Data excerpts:

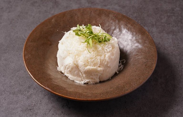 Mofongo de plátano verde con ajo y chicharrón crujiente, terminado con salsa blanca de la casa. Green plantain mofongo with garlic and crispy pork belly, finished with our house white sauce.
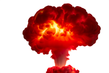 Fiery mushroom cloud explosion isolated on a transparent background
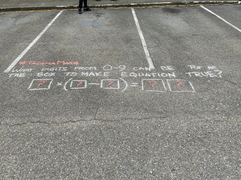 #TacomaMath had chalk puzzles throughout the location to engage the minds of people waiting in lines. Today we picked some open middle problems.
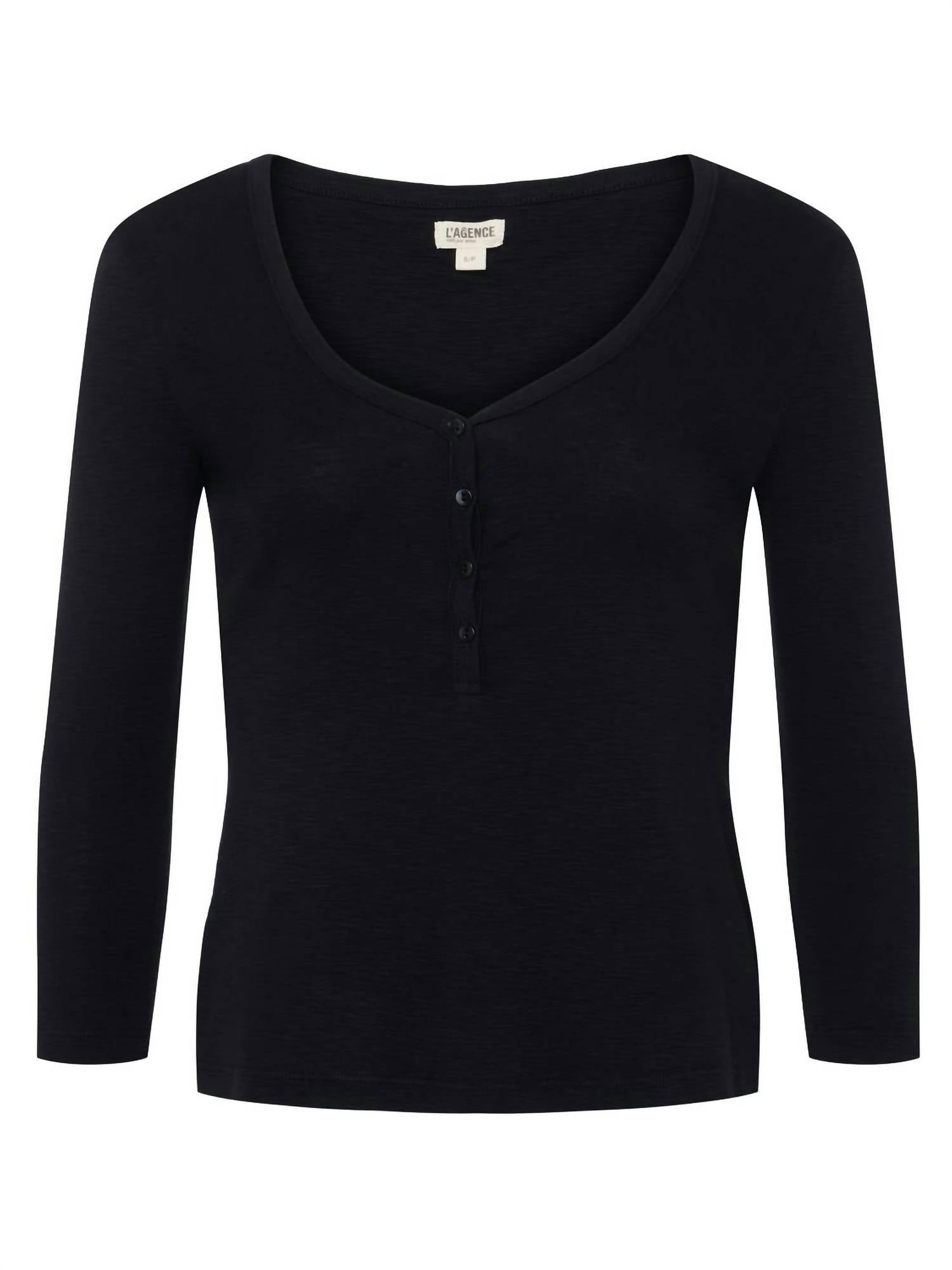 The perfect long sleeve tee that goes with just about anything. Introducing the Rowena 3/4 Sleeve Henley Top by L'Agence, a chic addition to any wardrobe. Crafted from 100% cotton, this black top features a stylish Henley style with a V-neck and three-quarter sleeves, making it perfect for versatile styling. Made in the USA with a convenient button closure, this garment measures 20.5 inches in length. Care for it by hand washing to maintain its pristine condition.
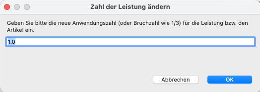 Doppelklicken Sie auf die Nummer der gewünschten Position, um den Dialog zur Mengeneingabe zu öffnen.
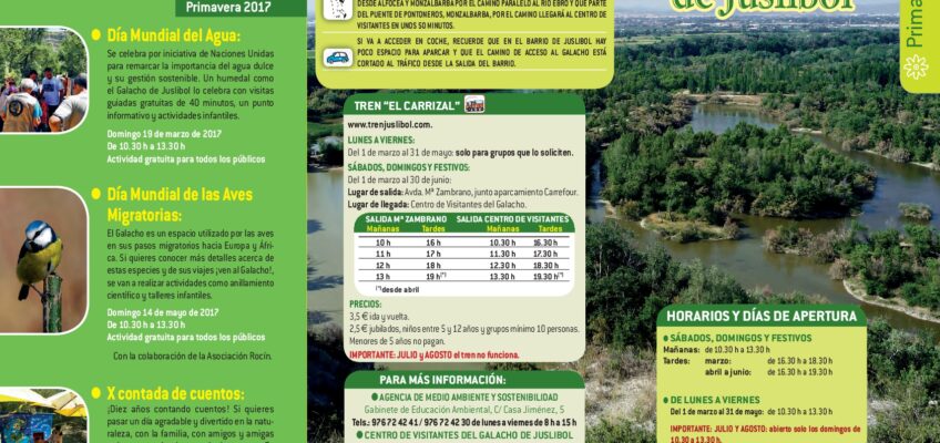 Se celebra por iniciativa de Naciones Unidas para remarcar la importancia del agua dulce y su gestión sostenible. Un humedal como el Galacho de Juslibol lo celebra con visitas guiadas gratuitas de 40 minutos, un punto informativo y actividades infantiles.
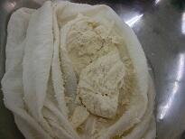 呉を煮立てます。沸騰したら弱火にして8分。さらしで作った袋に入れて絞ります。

- **WHAT TO PRODUCE**
Reproduce exactly, and only, the lines from the one holding "Doppelklicken Sie auf" through the final line of the entries. Do not include the pictures.

- **SOLUTION BELOW**
 Doppelklicken Sie auf die Nummer der gewünschten Position, um den Dialog zur Mengeneingabe zu öffnen.
 Se celebra por iniciativa de Naciones Unidas para remarcar la importancia del agua dulce y su gestión sostenible. Un humedal como el Galacho de Juslibol lo celebra con visitas guiadas gratuitas de 40 minutos, un punto informativo y actividades infantiles.
 呉を煮立てます。沸騰したら弱火にして8分。さらしで作った袋に入れて絞ります。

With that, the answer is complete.